Step 9. Stationery Supplies
If children have individual pencils cases then you can skip this step. Alternatively, decide if you are going to have a writing implement station for children to collect pencils, markers, crayons, glue sticks and scissors from, or will you store the supplies on the tables in tubs? I like having cups with resources and put them on tables each day.
Step 10. Lesson Planning
The whole classroom set up usually takes me a couple of days by the time I change my mind and move things around. I am also very particular about ensuring there is enough space everywhere (including group sitting and sitting in a circle). Depending on when I have been allowed into my classroom, sometimes my lesson planning is done at home before I can get into school, or I do it once my room is ready. By then I am in the school swing of things and am not in vacation mode.

I hope this has been helpful! Good luck!

Here are some of my products that can help kick start your new year!




  1. This will be me on the 27th! Brand new school, new class, and new year level! Gosh it's exciting and daunting all at the same time!! In 9 years of teaching I've been in a different classroom EVERY year!

    Learning to be awesome

    1. I know exactly how you feel Erin! Good luck with setting everything up for the new room! Definitely exciting!

  2. Great post and fabulous advice. I am almost at move 30!

    1. Move 30 is about 20 too many for as long as you have been teaching!

  3. Here in the U.S., I'm into very cold temps and my fifth month of school. I'm home today with a sick daughter. Reading your post was fun! I got to share in some of the back-to-school excitement! Have a great year.
    Laughter and Consistency

    1. Haha! It is funny when our school systems are the opposite! We have to move with the seasons I guess!

  4. What a great post. It is very informative with pragmatic steps for set-up. I just love seeing photos of your fabulous room. It must have been so hard changing rooms so often.

    Emma :)

    1. Thanks Emma for your lovely comments. It is hard work, but exciting at the same time!

  5. Thank you so much for this post. I am a big "checklist" person, and often need a plan of action before I begin working on a project. This is very helpful!

  6. Thank you for posting this!!! I am going into my first year of teaching and couldn't be more excited (or nervous). I'm super happy I got kindergarten :)

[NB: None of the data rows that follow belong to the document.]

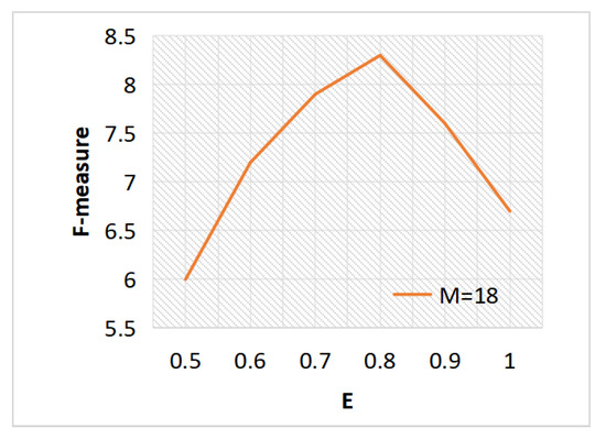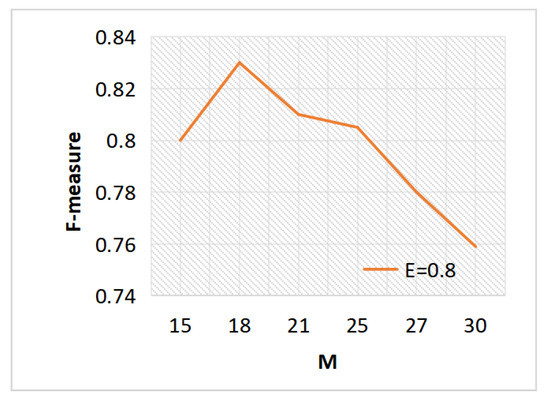 Because a bigger E makes the estimated density of nodes more discriminative, Figure 5 illustrates that F- increases as E grows from 0.5 to 0.8, while F- begins to decrease after 0.8. When E is small, that means nodes might have few nodes around them and they are discriminative to each other. When E is big, that means nodes might include many nodes from different clusters and this will affect the performance. Figure 6 illustrates that a greater M also results in a higher F- from 15 to 18. The F- states to decrease after 18. This is because a too big M value makes DDC-GNN create big strong connected components in the high-density parts, which may result in wrong clusters. When M decreases, DDC-GNN generates small strong connected components, which rely on the last clustering step to link them back.
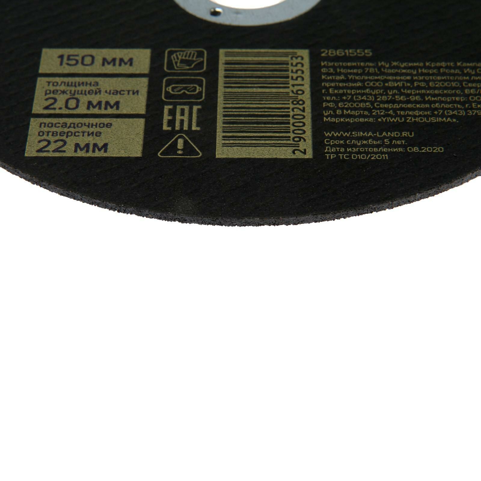Круг отрезной по металлу армированный, 150 x 2.0 x 22 мм информация: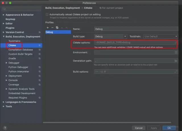 cmake . -DWITH_DEBUG=1 \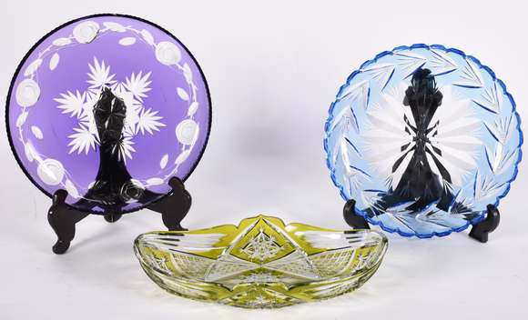 Três pratos para sobremesa de cristal doublé lapidado, nas cores lilás, verde e azul.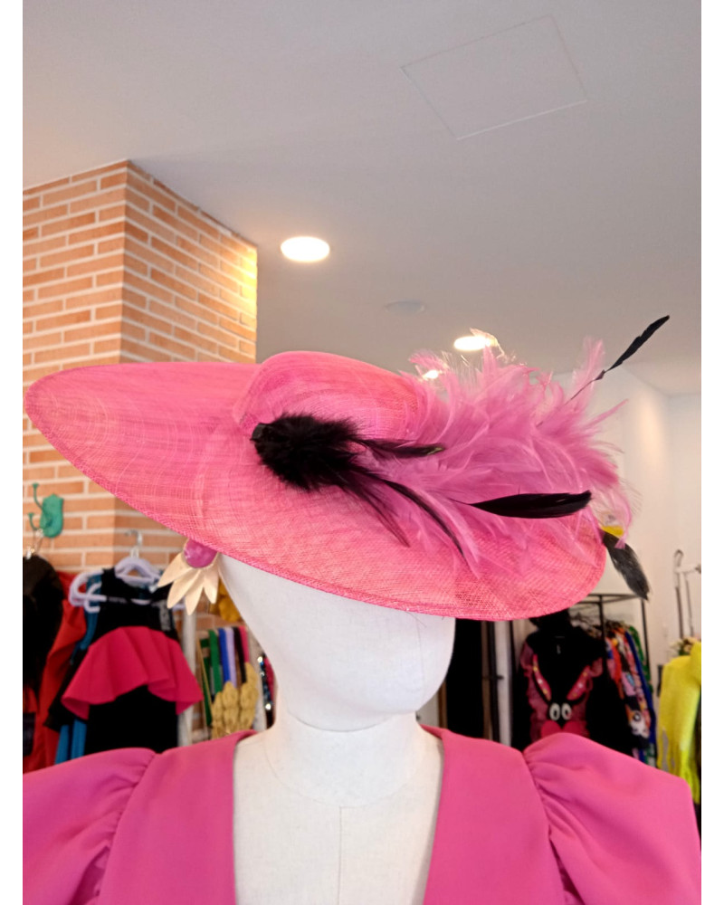 Semi pamela en color rosa con detalle plumas en tonos rosa y negro.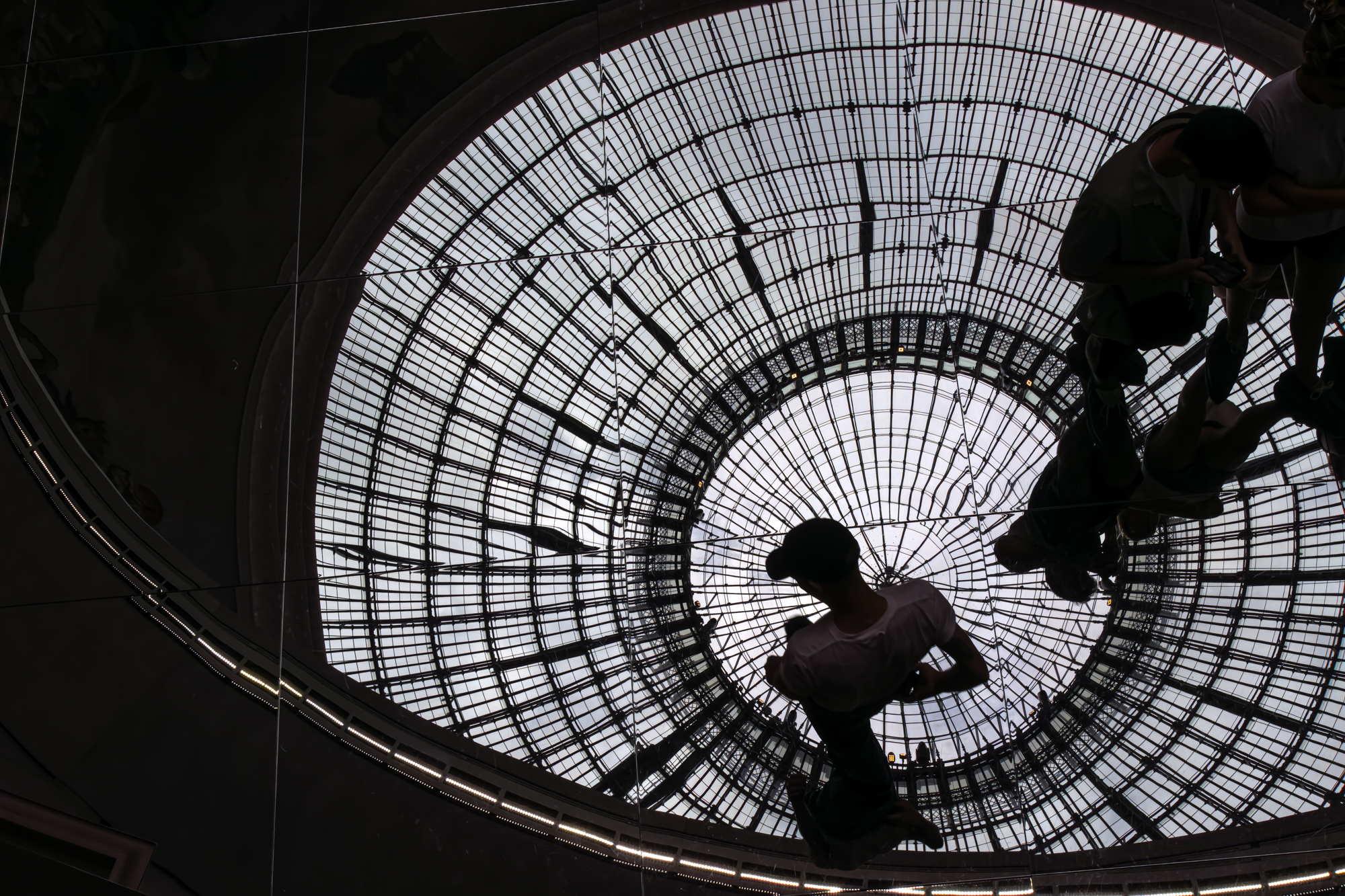 Built in the 18th century, Bourse de commerce, a circular building with an open-air interior court was used to trade wheat and other commodities. In 1854, the building was converted into the Paris stock exchange. The rotonda and dome were added which resembled the French and Roman Pantheons. The building was restored by architect Tadao Ando and has been the exhibition site of the Pinault Collection since 2021. The Bourse de Commerce in Paris features a stunning double helix staircase designed in the 18th century. This staircase, designed by Nicolas Le Camus de Mézières between 1763-1767, was built in the Corn Exchange building to facilitate the movement of porters carrying heavy sacks of corn. “WAITING”, the sculpture by Yuan and Yu, is a 164 cm high menacing model of an eagle observing from above. The sculpture is made of fiberglass, silicon and feathers. “TURISTI” by Maurizio Cattelan. The very real looking pigeons rest on the balustrade of the rotunda.

    Do you have any tips on lesson planning for the first few weeks?? I student taught in 2nd grade and feel like I know nothing about kindergarteners. I am hoping my great team will allow me to use their plans as a guide for a couple of weeks or until I get the hang of things. Hopefully that isn't considered inappropriate for a newbie :/

    As you can see, any advice you have would be so greatly appreciated! Thanks again!!

    1. Roberta Emery, Rhode Island25 August 2015 at 09:19

      Good Luck Taylor. Kinder Kiddos are great. Your first two weeks should be all about your routines, your transitions and such. Spend a great deal of time teaching, rehearsing and all out practicing...once they get it...academics will come along...get them believing in the power of their own unique "community". If you are not sure of your routines and such...sit in your classroom and think out each and every move...how will they line up for lunch? How will they line up for dismissal? How do they get from their seats to the rug and vice versa. and ALWAYS...seek out information on "building wide routines/transitions"...what does the fire drill look like? What about lockdown drills? There are soo many things. Last bit of advice...keep a notebook to journal in at night...write what went well and why you think/know it did...what went so different from your expectations (never say "wrong" because mistakes ARE how we ALL learn)?? Map out the layout of your room and think on it from time to time...make adjustments as needed. Have a wonderful time learning from your kiddos!!